Part one is here.
In this second part of the three part column on the new garbage collecting mechanism in PHP 5.3, we'll dive into a solution to the problem with circular references. If we look quickly back, we found that by using code like the following, an in-request memory leak is created:
Traditionally, reference counting memory mechanisms such as PHP uses, fail to address those circular reference memory leaks. Back in 2007 while looking into this issue, somebody pointed me to a paper by David F. Bacon and V.T. Rajan titled "Concurrent Cycle Collection in Reference Counted Systems" . Although the paper was written with Java in mind, I started to play around with it to see if it was feasible to implement the synchronous algorithm as outlined in the paper in PHP. At that moment I didn't have a lot of time, but along came the Google Summer of Code and we put up the implementation of this paper as one of our ideas. Yiduo (David) Wang picked up this idea and started hacking on the first version as part of the Summer of Code project.
Explaining how the full algorithm works goes slightly too far for this column, but I will try to explain the basics. First of all we have to establish a few ground rules. If a refcount is increased, it's still in use and therefore not garbage. If the refcount is decreased and hits zero, the zval can be freed. This means that garbage cycles can only be created when a refcount argument is decreased to a non-zero value. Secondly, in a garbage cycle it is possible to discover which parts are garbage by checking whether it is possible to decrease their refcount by one, and then check which of the zvals have a refcount of zero.
To avoid having to call the checking of garbage cycles with every possible decrease of a refcount the algorithm instead puts all possible roots (zvals) in the "root buffer" (marking them "purple"). It also makes sure that each possible garbage root ends up in the buffer only once. Only when the root buffer is full, the collection mechanism starts for all the different zvals inside. This diagram shows this in step A.
In step B runs the algorithm a depth-first search on all possible roots to decrease the refcounts of each zval it finds by one, making sure not to decrease a refcount on the same zval twice (marking them as "grey"). In step C the algorithm runs again a depth-first search from each root node, to check the refcount of each zval again. If it finds that the refcount is zero, the zval is marked "white" (blue in the diagram). If it's larger than zero, it reverts the decreasing of the refcount by one with a depth-first search from that point on and they are marked "black" again. In the last step (D) the algorithm walks over the root buffer removing the zval roots from there, and in the mean while checks which zvals have been marked "white" in the previous step. Every zval marked as "white" will be freed.
Now that you have a slight understanding of how the algorithm works, we will look back on how this weaves in with PHP. By default, PHP's garbage collector is turned on. There is however a php.ini setting that allows you to change this: zend.enable_gc.
When the garbage collector is turned on, the cycle finding algorithm as mentioned above is executed whenever the root buffer runs full.
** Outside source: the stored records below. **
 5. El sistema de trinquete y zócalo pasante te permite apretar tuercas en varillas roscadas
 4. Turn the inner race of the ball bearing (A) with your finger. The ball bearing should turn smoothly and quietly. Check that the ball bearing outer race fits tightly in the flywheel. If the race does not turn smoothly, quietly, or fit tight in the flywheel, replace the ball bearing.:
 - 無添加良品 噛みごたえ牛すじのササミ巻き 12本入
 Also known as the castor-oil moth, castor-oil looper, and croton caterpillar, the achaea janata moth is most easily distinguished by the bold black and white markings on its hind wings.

The root buffer has a fixed size of 10.000 possible roots (although you can change this easily by re-compiling PHP and changing a constant). When the garbage collector is turned off, the cycle finding algorithm will never run. However, possible roots will always be recorded in the root buffer, no matter whether the garbage collection mechanism has been activated with this configuration setting. If the root buffer becomes full with possible roots while the garbage collection mechanism is turned off, further possible roots will simply not be recorded. Those possible roots that are not recorded will never be analyzed by the algorithm. If they were part of a circular reference cycle they would never be cleaned up, and create a memory leak. The reason why possible roots are recorded even if the mechanism has been disable is because it's faster to record possible roots, then to have to check whether the mechanism is turned on every time a possible root could be found. The garbage collection and analysis mechanism itself however can take a considerable time.
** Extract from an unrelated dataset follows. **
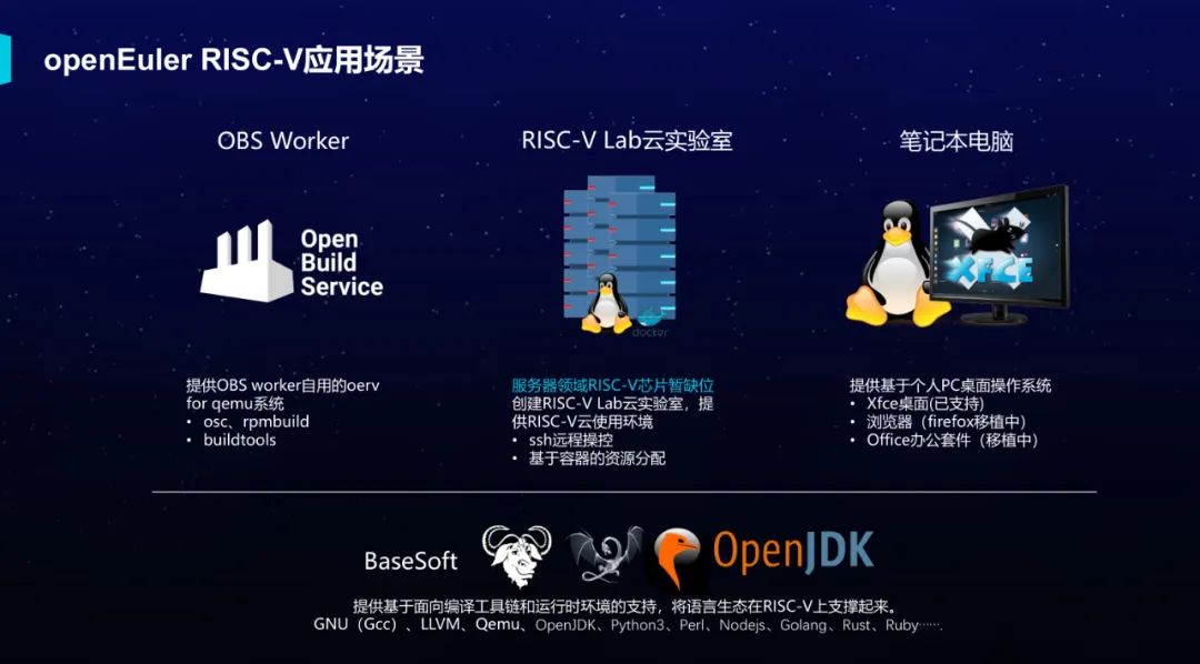 「从功能层面」,RISC-V SIG 目前重点聚焦三大使用场景:基于 RISC-V 的 OBS 模拟构建环境系统、基于 RISC-V Lab 的容器使用场景、基于个人电脑的 RISC-V 笔记本系统。前两种在 2021 年就已经具备,目前,RISC-V 笔记本完成了桌面的支持,firefox 浏览器、LibreOffice 办公套件是 2022 年的主要适配目标。RISC-V SIG 希望在 2022 年能够提供一个 RISC-V 笔记本可用的 openEuler 操作系统。
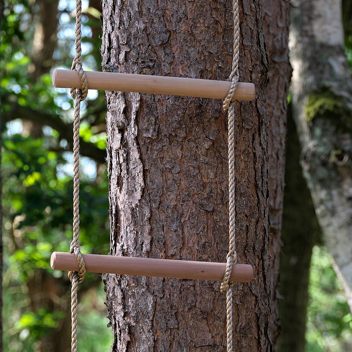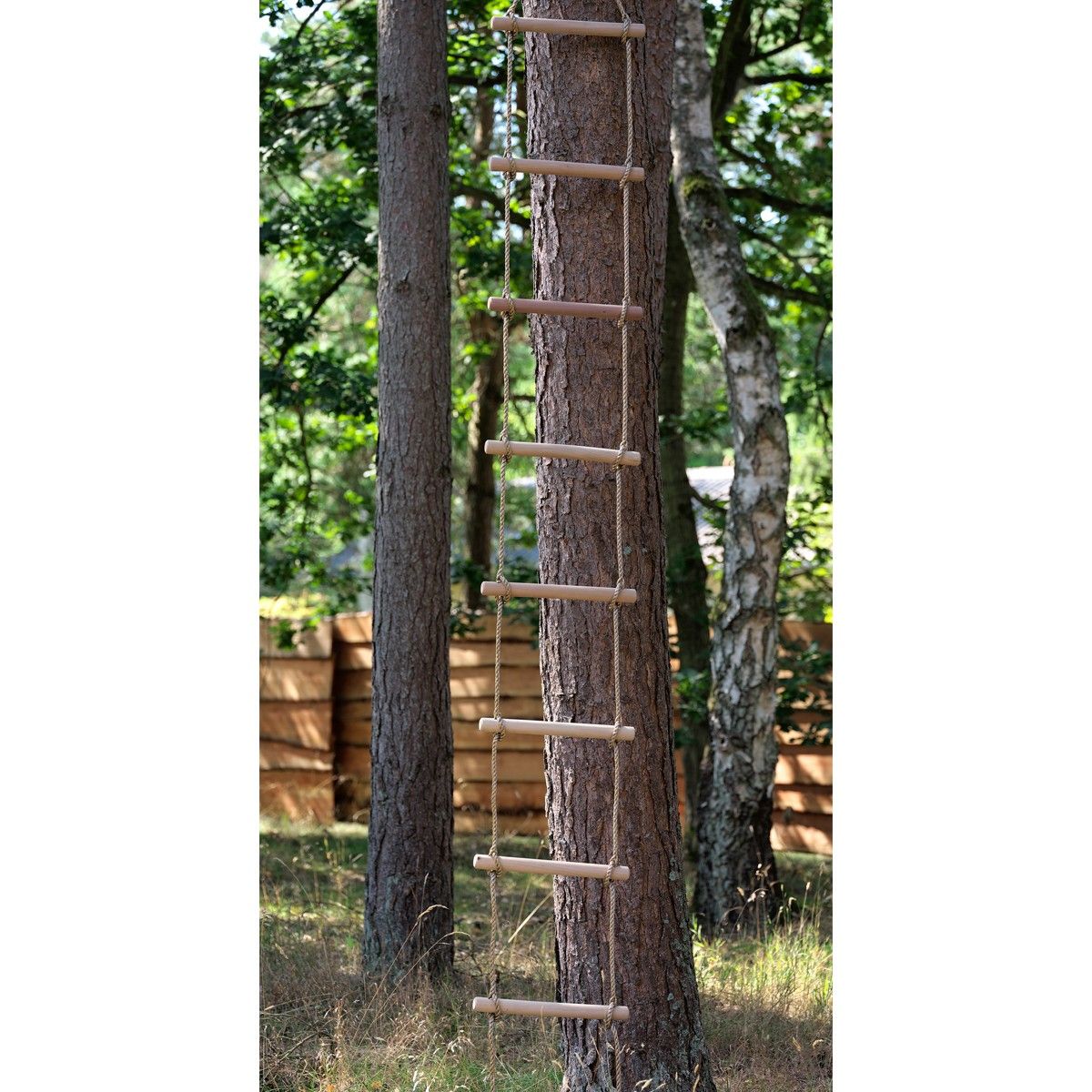 Vår tau-stige er testet for å kunne holde minst 100 kg, slik at du kan være trygg på barnas sikkerhet. Husk å gi tau-stigen passende trebeskyttelse en gang i året for å forlenge levetiden og sikre at gleden med tau-stigen varer i mange år.

Besides changing the configuration setting, it is also possible to turn the garbage collecting mechanism on and off by either calling gc_enable() or gc_disable(). Calling those functions has the same effect as turning on or off the mechanism with the configuration setting. It is also possible to force the collection of cycles even if the possible root buffer is no full yet. For this you can use the gc_collect_cycles() function. This function will return how many cycles were collected by the algorithm.
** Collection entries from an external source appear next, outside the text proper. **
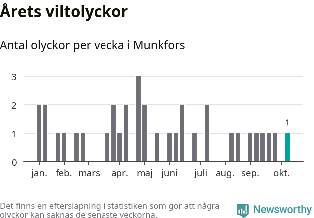 Totalt det här året har det inträffat 35 viltolyckor i kommunen. Det är mer än genomsnittet för motsvarande period (omkring 28) de senaste tio åren.
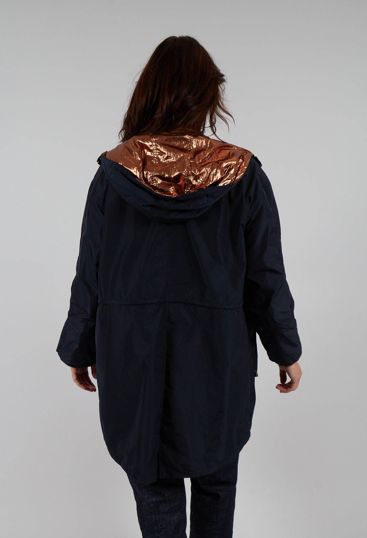 Reversible Lightweight Raincoat in Navy and Bronze by Nijii
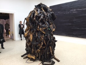There we find in the center of the room a tall sculpture of twisted ropes of black paper partially bleached yellow. The viewer does not need to be told that the artist named it “Medusa.” It’s powerful, seething mass, is both complemented and counterbalanced by the works that surround it on the walls. In these pieces Bradford has returned to a form he explored earlier in his artistic career. Endpapers—used in styling women’s hair, and here dyed shimmering shades of purplish-black, create compositions of subtle color gradations that invite the eye to explore their nuances. The use of endpapers is inspired by Bradford’s early life. His mother is a hairdresser and owned a beauty salon in which he worked for years. When asked why he had returned to this medium, he replied simply that he “hadn’t finished with it, there were still some paintings I wanted to do”. He added that he had stopped doing them because he felt they had led people to reduce his life down to a rap video—a “black hairdresser from south central Los Angeles.” But, “black people’s stories are as diverse and messy as everybody else’s. I just want diversity.”

The rationale behind the possible to turn the mechanism on and off, and to initiate cycle collection yourself is that some parts of your application could be sensitive for time. In those places you might not want the garbage collection mechanism to kick in. Of course, by turning off the garbage collection for certain parts of your application you might risk getting memory leaks because some possible roots might not fit into the limited root buffer. Therefore it is probably wise to call gc_collect_cycles() just before you call gc_disable() to free up the memory that could be lost through possible roots that are already recorded in the root buffer. This then leaves an empty buffer so that there is more place for storing possible roots while the cycle collecting mechanism is turned off.
In this installment we saw how the garbage collection mechanism works, and how it is integrated into PHP. In the next and last part of the series, we will look at performance considerations and benchmarks.